Luis María Mercado,director del film “Vigilia en Agosto”

«El desafío era componer con elementos cotidianos y llevarlos hacia un terreno ominoso o inestable, tratando de reproducir la experiencia de la protagonista en el espectador».

por Barbara Rocio Benitez

-¿Qué te inspiró para realizar esta película?
– Es difícil reconocer el germen primero que nos lleva a escribir una historia, el guión de una película. En el comienzo hubo un bosquejo que se parecía mucho a un cuento fantástico, con algo de ese mundo de Manuel Puig, muy de pequeña ciudad provincia. A partir de allí, fui construyendo el guión a partir de evocaciones y observaciones de mi entorno más próximo. El espacio que se intenta recrear en la película, se parece bastante al lugar donde yo crecí.

-¿Crees que cumpliste con el objetivo que te propusiste?
– Al principio tuve muchas dudas y pocas certezas, por mi escasa experiencia y lo complejo que intentábamos hacer. Pero hubo una colaboración extraordinaria desde los productores, Lorena Quevedo y Rodrigo Guerrero, pasando por los actores y actrices, con quienes conversamos muchísimo sobre lo que nos proponíamos hacer. Todos el equipo técnico, incluso los compañeros eléctricos habían leído el guión. Sin embargo había mucho miedo de que algo de lo que buscábamos no se percibiera. No es una película fácil, y exige un espectador activo. Afortunadamente, con las primeras proyecciones nos dimos cuenta que todo lo que ofrecíamos en la película, era claramente identificado. Estamos muy felices.

-¿Cuanto crees que influyeron los mitos y leyendas que rondaban en tu pueblo
para elaborar el filme?
– No hay mitos o leyendas en la película, sino más bien, transcripciones casi puntuales de lo que sucede en las localidades más pequeñas, pero también en las grandes ciudades. Solo por citar un ejemplo, las hamacas que se mueven sin motivo aparente, son casos tomados de lugares como Firmat, provincia de Santa Fé. Una ciudad de 20.000 habitantes. La superstición y la ciencia no son un atributo pajuerano. Están en todo el planeta, convivimos a diario con eso.

-¿Cómo se pensó desde el guión la irrupción de lo paranormal en el personaje de Magda?
– Teníamos en claro que nada carecía de explicación, para todo había una explicación. Como la hay en aquellas cosas que a simple vista parecen un misterio. Por mucho tiempo la fe, la religión, o la superstición, suplió el esfuerzo por encontrarle explicación a nuestra existencia, dejando de lado nuestra responsabilidad. Es más fácil decir, como repiten los personajes en la película que “son cosas que pasan”, a tomar posición sobre los hechos y
accionar en consecuencia. Fue también un modo de instaurar el miedo. El miedo paraliza. Y la parálisis abre puertas a que alguien mueva el hilo de nuestras vidas.
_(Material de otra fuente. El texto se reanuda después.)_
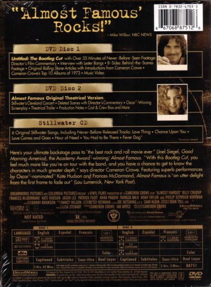 Almost Famous: Untitled-The Bootleg Cut offers an extended version of the original Oscar®-winning film. Culled from the memory of writer-director, Cameron Crowe, Almost Famous follows the exploits of young William Miller (Fugit), a 15-year-old music fan and aspiring writer in the mid-1970s. This is top-notch salute to an unforgettable time in rock ’n roll history. (Suzanne Hodges/Laurie Sevano)
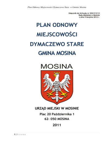 Plan Odnowy Miejscowości Dymaczewo Stare w Gminie Mosina Załącznik do Uchwały nr XXX/213/12 Rady Miejskiej w Mosinie z dnia 9 sierpnia 2012 r. PLAN ODNOWY MIEJSCOWOŚCI DYMACZEWO STARE GMINA MOSINA URZĄD MIEJSKI W MOSINIE Plac 20 Października 1 62- 050 MOSINA 2011 1|Strona Plan Odnowy Miejscowości Dymaczewo Stare w Gminie Mosina Plan Rozwoju Miejscowości Dymaczewo Stare został opracowany przy współudziale: - Mieszkańców Sołectwa Dymaczewo Stare - Urzędu Miejskiego w Mosinie - Sołtysa Sołectwa Dymaczewo Stare - radnych Rady Miejskiej 2|Strona Plan Odnowy Miejscowości Dymaczewo Stare w Gminie Mosina SPIS TREŚCI WSTĘP ............................................................................................... 4 1. OBSZAR I CZAS REALIZACJI PLANU ROZWOJU MIEJSCOWOŚCI .......................... 6 2. ANALIZA ZASOBÓW SOŁECTWA ............................................................. 6 2.1. Położenie ................................................................................. 6 2.2. Środowisko przyrodnicze ............................................................... 7 2.2.1. Zagospodarowanie przestrzenne ................................................. 7 2.2.2. Gleby, wody, surowce mineralne ................................................. 8 2.2.3. Świat roślinny i zwierzęcy ......................................................... 10 2.3. Środowisko kulturowe, zabytki ...................................................... 10 2.4. Gospodarka ............................................................................ 12 2.4.1. Bezrobocie .......................................................................... 12 2.4.2. Rolnictwo ........................................................................... 13 2.4.3. Przedsiębiorstwa ................................................................... 15 2.5. Infrastruktura techniczna ............................................................. 15 2.5.1. Wodociągi i zaopatrzenie w wodę................................................... 15 2.5.2. Kanalizacja i gospodarka ściekowa .................................................. 15 2.5.3. Gospodarka odpadami stałymi ....................................................... 15 2.5.4. Gazyfikacja-zaopatrzenie w gaz.................................................... 16 2.5.5. Telefonizacja ........................................................................... 16 2.5.6. Drogownictwo i komunikacja ........................................................ 16 2.5.7. Sytuacja mieszkaniowa................................................................ 17 2.6. Infrastruktura społeczna .............................................................. 17 2.6.1. Placówki oświatowe i kulturalne..................................... 17 2.6.2. Infrastruktura i tereny sportowe .................................... 17 2.6.3. Ochrona zdrowia ....................................................... 17 2.6.4. Ochrona przeciwpożarowa ............................................ 17 2.6.5. Działające organizacje pozarządowe na terenie Sołectwa ....... 18 2.6.6. Noclegi i gastronomia ................................................. 18 2.7. Liczba ludności Sołectwa w kolejnych latach ...................................... 18 3. OCENA ZASOBÓW SOŁECTWA .......................................................... 18 4. DIAGNOZA AKTUALNEJ SYTUACJI SOŁECTWA - JACY JESTEŚMY? ................. 20 5. PODSUMOWANIE SYTUACJI ROZWOJOWEJ SOŁECTWA - ANALIZA SWOT ........ 21 6. WIZJA ROZWOJU WSI-NASZE SOŁECTWO ZA 10 LAT .............................. 22 7. WIZJA STANU DOCELOWEGO - JAKIE MA BYĆ SOŁECTWO ZA KILKA LAT? ....... 22 8. PLAN ROZWOJU MIEJSCOWOŚCI - NASZA MAŁA STRATEGIA ....................... 23 8.1. Specyfikacja celów rozwojowych ....................................................... 23 8.2. Opis projektów uwzględniających finansowanie w ramach SPO .................. 26 9. ARKUSZ PLANU KRÓTKOTERMINOWEGO .............................................. 27 10. ZGODNOŚĆ STRATEGII SOŁECTWA ZE STRATEGIĄ ROZWOJU GMINY...................28 11. WDRAŻANIE PLANU ROZWOJU MIEJSCOWOŚCI........................................ 29 12. MONITORING, OCENA, AKTUALIZACJA I KOMUNIKACJA SPOŁECZNA .............. 31 12.1. System monitorowania Planu ...................................................... 31 12.2. Sposoby oceny i aktualizacji Planu ............................................... 31 12.3. Public Relations Planu.............................................................. 31 13. SPIS TABEL .................................................................................... 34 3|Strona Plan Odnowy Miejscowości Dymaczewo Stare w Gminie Mosina WPROWADZENIE Uwarunkowania zdecentralizowany, Planu lokalny Odnowy charakter, Miejscowości obejmuje polegają na ograniczony tym, teren że ma on miejscowości i przygotowywany jest (przy udziale przedstawicieli gminy) z inicjatywy i przez mieszkańców. Specyfika planu polega na tym, że jest on ukierunkowany na zagadnienia cywilizacyjno-kulturowe, koncentruje się na prostych, lokalnych przedsięwzięciach, które prowadzić mają do poprawy standardu i jakości życia mieszkańców. Ma mniej progospodarczy, a bardziej pro-społeczny i pro-kulturowy charakter. I dzięki temu może stanowić doskonałe uzupełnienie strategii rozwoju całej gminy, która zazwyczaj koncentruje się na zagadnieniach infrastrukturalnych i gospodarczych. Celem planu jest podtrzymanie lub odtworzenie atrakcyjności wsi jako miejsca zamieszkania i zaplanowanie, oraz przeprowadzenie tego w sposób dostępny, oczekiwany i popierany oraz wykonalny dla lokalnej społeczności. Jest to szczególnie ważne w aktualnej sytuacji, gdy miasta oferują konkurencyjną alternatywę zamieszkania, a rolnictwo traci swą atrakcyjność jako źródło utrzymania, co prowadzi m.in. do migracji młodych ludzi, szczególnie tych lepiej wykształconych ze wsi do mia
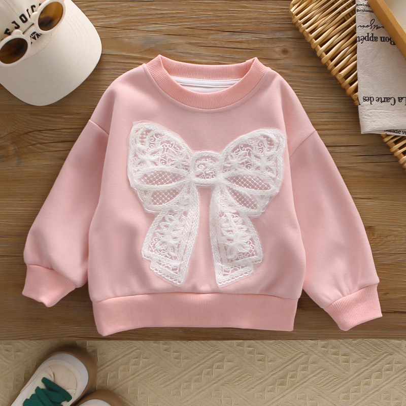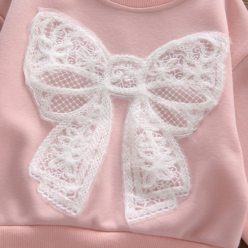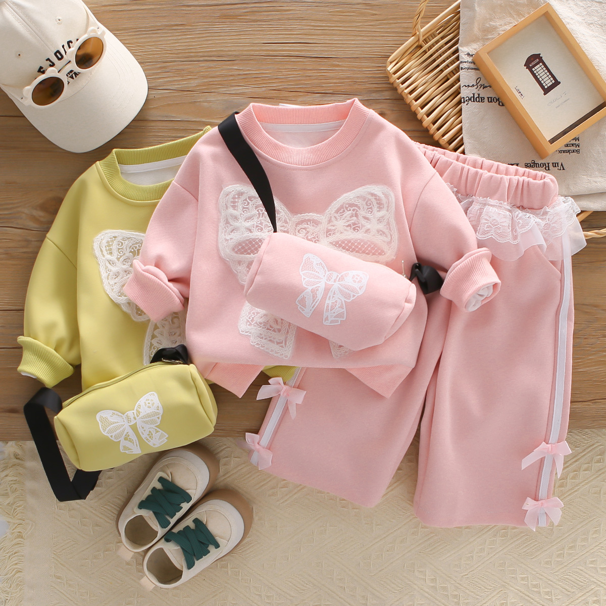 세련된 소녀 가을 의류 2025 봄과 가을 새로운 아기 레이스 보우 정장 어린이 가방 스웨트 투피스 세트스토어 가기
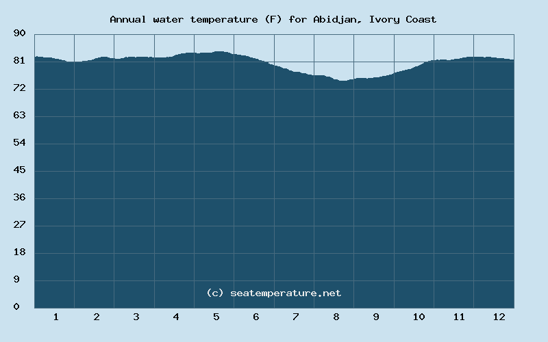 The water temperature in the Gulf of Guinea in Abidjan during the summer ranges from 21°C to 30°C (70°F to 86°F).
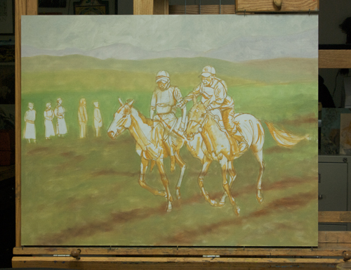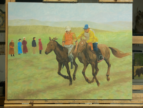 And here is the finished painting: Rainy Day Finish; Erdene Nadaam, 2009

-¿Qué nos podrías contar desde el aspecto realizativo o estético de la película?
– Trabajamos mucho con los productores sobre qué tipo de película queríamos. A mí no me interesaba el naturalismo o lo que falsamente se nombra como costumbrismo, más que en el modo de hablar, de darle forma a las conversaciones, los tonos, los acentos de los personajes. La película debía construir un espacio que tuviera una referencia puntual como puede ser el contexto agro-industrial de una pequeña comunidad de provincia, pero sin señalar ni nombrar ninguno. Tanto desde la fotografía (de Santiago Seminara) como en el arte (Lorena Stricker) así como en el uso narrativo del sonido (Julián Grosso/Hernán Conen) sabíamos desde el comienzo que estábamos 10 cm. corridos hacia un posible extrañamiento. El desafío era componer con elementos cotidianos y llevarlos hacia un terreno ominoso o inestable, tratando de reproducir la experiencia de la protagonista en el espectador.

-¿Expectativas
– Que esperamos que vayan todos al cine, es una película hecha para ser apreciada en el cine, como la mayoría creo yo. Pero muy puntualmente esta. Puede interesar o no. De lo que estoy seguro es que no admite términos medios.